The best dynamic application security testing software and other DAST tools simulate various types of attacks to detect security vulnerabilities and test a broad spectrum of endpoints including hidden values. By simulating malicious attacks on an application, automated DAST security tools can help identify outcomes that are far outside typical user experience.
Dynamic application security testing products function without getting into the source code, so they demand no prior knowledge of programming language. This makes dynamic application security testing software easy to use. And because DAST detects vulnerabilities in the source code at runtime, there is no need to rebuild an application to test it for vulnerabilities.
DAST vs other application security testing
In terms of SAST vs DAST vs IAST, each kind of application security tool takes a different approach to web application security. There are several categories to understand:
Static Application Security Testing (SAST)
Static application security testing is a methodology for white-box testing in which source code is analyzed from the inside outward while components are at rest.
Interactive Application Security Testing (IAST)
Interactive application security testing is a kind of hybrid, grey-box strategy that works through instrumentation of the code from within an application while it is running to detect and report issues.
Software Composition Analysis (SCA)
Software composition analysis offers visibility into open source software components by scanning the code base for application vulnerabilities including license compliance issues.
Static vs dynamic application security testing
The difference between static and dynamic application security testing is that DAST takes an “outside in” approach, attacking the application like a malicious actor would. A DAST scanner performs these attacks, and identifies security vulnerabilities from results that are unexpected within the result set.
Conversely, SAST analyzes the source code of an application, a static environment, an “inside out,” approach, searching for vulnerabilities. SAST scanners must support both the language and the web application framework in use.
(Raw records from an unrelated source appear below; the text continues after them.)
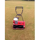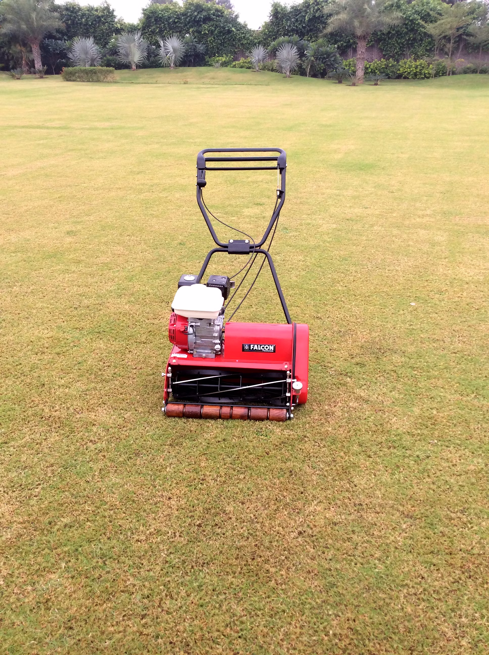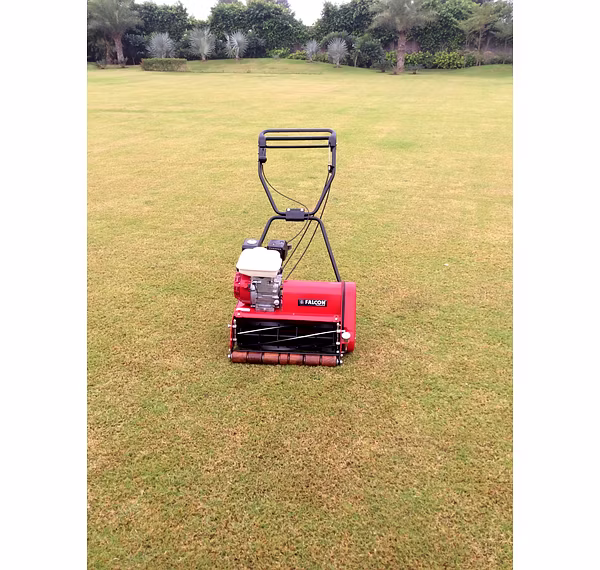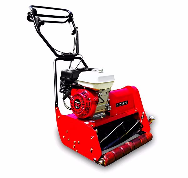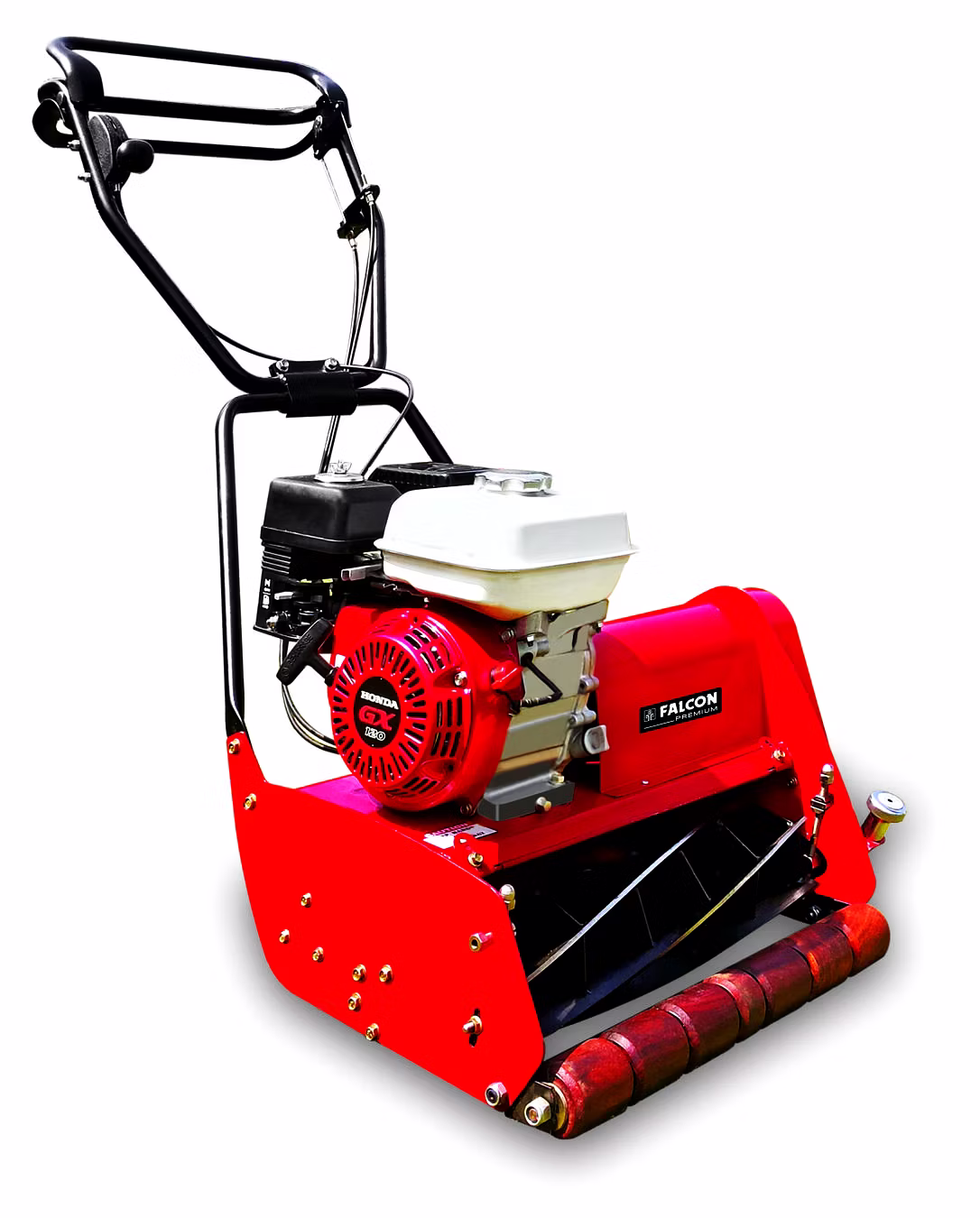 This Falcon Cylindrical Hand Lawn Mower features a horizontal cylinder with multiple blades that rotate. As the cylinder spins, the blades slice the grass against a fixed blade (bedknife) at the bottom. It is designed for medium to large-sized lawns.
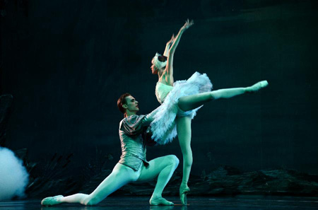 Dancers of the Russian State Bullet perform "Swan Lake" at the Gansu Grand Theatre in Lanzhou, capital of northwest China's Gansu Province, Jan. 11, 2013.
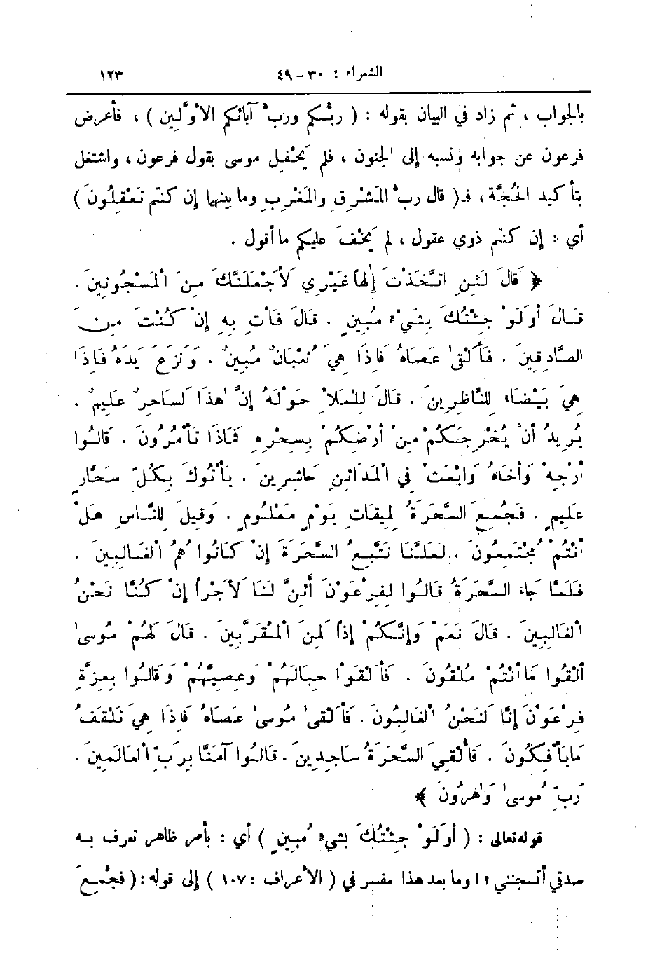 بالجواب ثم زاد في البيان بقوله ربكم ورب آبائكم الأولين فأعرض فرعون عن جوابه ونسبه إلى الجنون فلم يحفل موسى بقول فرعون واشتغل بتأكيد الحجة ف قال رب المشرق والمغرب وما بينهما إن كنتم تعقلون أي إن كنتم ذوي عقول لم يخف عليكم ما أقول قال لئن اتخذت إلها غيري لأجعلنك من المسجونين قال أو لو جئتك بشئ مبين قال فأت به إن كنت من الصادقين فألقى عصاه فاذا هي ثعبان مبين ونزع يده فاذا هي بيضاء للناظرين قال للملأ حوله إن هذا لساحر عليم يريد أن يخرجكم من أرضكم بسحره فماذا تأمرون قالوا أرجه وأخاه وابعث في المدائن حاشرين يأتوك بكل سحار عليم فجمع السحرة لميقات يوم معلوم وقيل للناس هل أنتم مجتمعون لعلنا نتبع السحرة إن كانوا هم الغالبين فلما جاء السحرة قالوا لفرعون أئن لنا لأجرا إن كنا نحن الغالبين قال نعم وإنكم إذا لمن المقربين قال لهم موسى ألقوا ما أنتم ملقون فألقوا حبالهم وعصيهم وقالوا بعزة فرعون إنا لنحن الغالبون فألقى موسى عصاه فاذا هي تلقف ما يأفكون فألقي السحرة ساجدين قالوا آمنا برب العالمين رب موسى وهارون
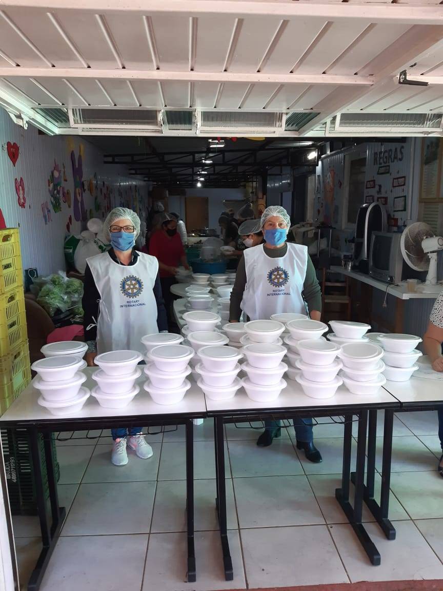 Inspiradas na Missão do Rotary, que é servir ao próximo, as esposas e amigas dos associados o Rotary Club de Erechim Três Vendas realizaram uma ação social, no dia 07 de agosto de 2020, com a doação de 250 refeições, cada família recebeu três viandas, duas com massa e molho, uma com galeto, maionese e Salada verde. Na oportunidade participaram da entrega Maria Glaci Klaus dos Santos e Teresinha Henrique Canteli.
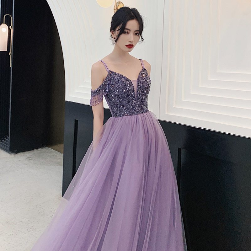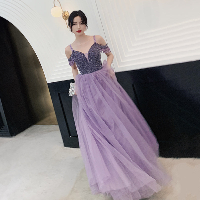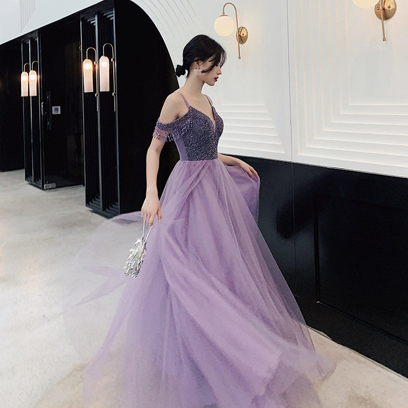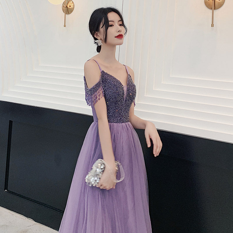 Evening dress women's 2020 new temperament toast clothing heavy industry banquet annual meeting dress skirt fairy dreamy word shoulder purple
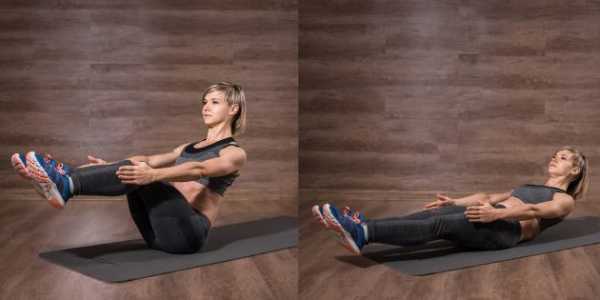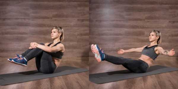 - Сядьте на пол, вес расположите на седалищных костях. Подайте назад спину, чтобы удержать равновесие, согните колени и оторвите от пола стопы.
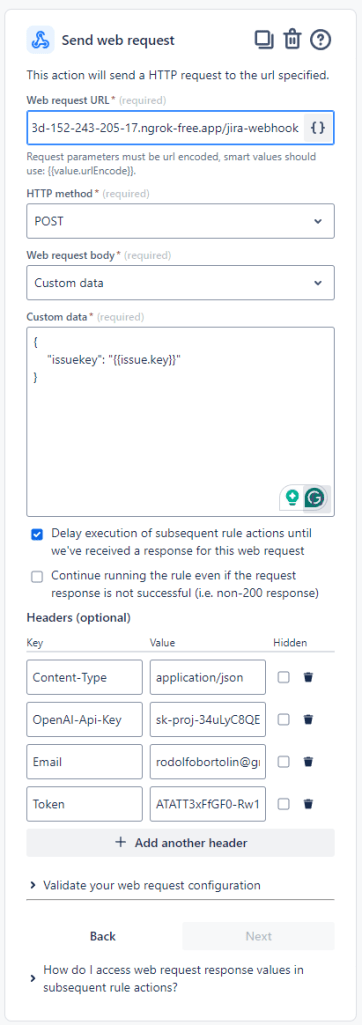 - Set Up Automation: Create a rule in Automation for Jira to trigger the script when an incident is created or updated.
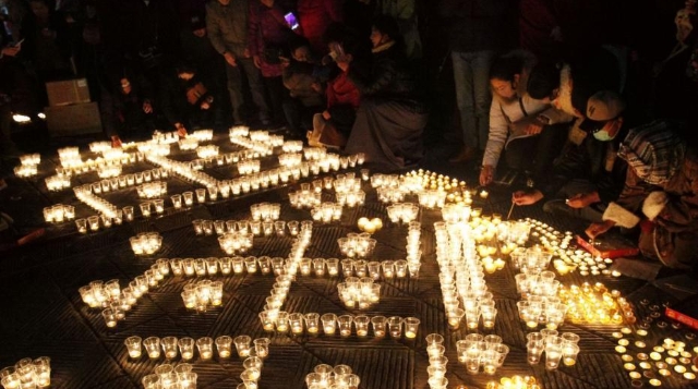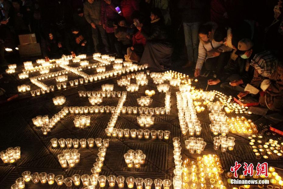 チベット歴10月25日(西暦12月12日)は、ツォンカパ大師円寂記念日だ。中国の青海省、チベット自治区、甘粛省などのチベット民族居住区の僧と信者は同日、酥油灯を灯しツォンカパを記念した。写真はチベット仏教の信者が、ツォンカパ生誕地のタール寺で点灯する様子。
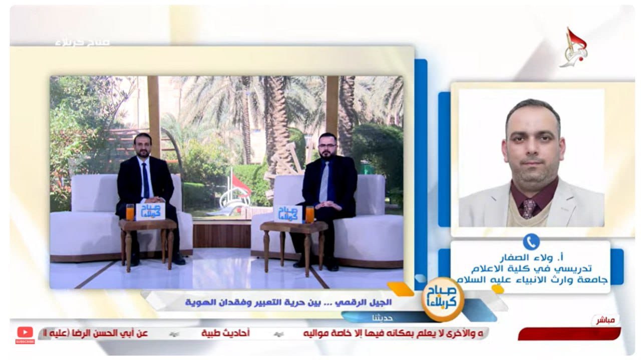 استضافت قناة كربلاء الفضائية ضمن برنامجها اليومي (صباح كربلاء) التدريسي في كلية الاعلام في جامعة وارث الانبياء (عليه السلام) الاستاذ ولاء الصفار لمناقشة موضوع الجيل الرقمي بين حرية التعبير وفقدان الهوية.

In contrast, DAST scanners rely on HTTP and interact with an application from the outside.
It is a best practice to use both SAST and DAST to optimally strengthen security posture. To address this DAST vs SAST issue, the Interactive Application Security Testing (IAST) grey-box methodology was developed, combining the benefits of both methodologies).
Dynamic application security testing vs penetration testing
Although they seem similar, there is a difference between dynamic application security testing and penetration testing. DAST testing systematically focuses on the running state of the application, while penetration testing (with owner permission) uses common hacking techniques to exploit vulnerabilities in the application and beyond it, including ports, firewalls, servers, and routers.
During penetration testing (or pen testing), a cyber-security expert launches simulated attacks to find computer system vulnerabilities and identify weak spots attackers could exploit. Modern pentesting blends technology and automation with the human expertise of manual testers.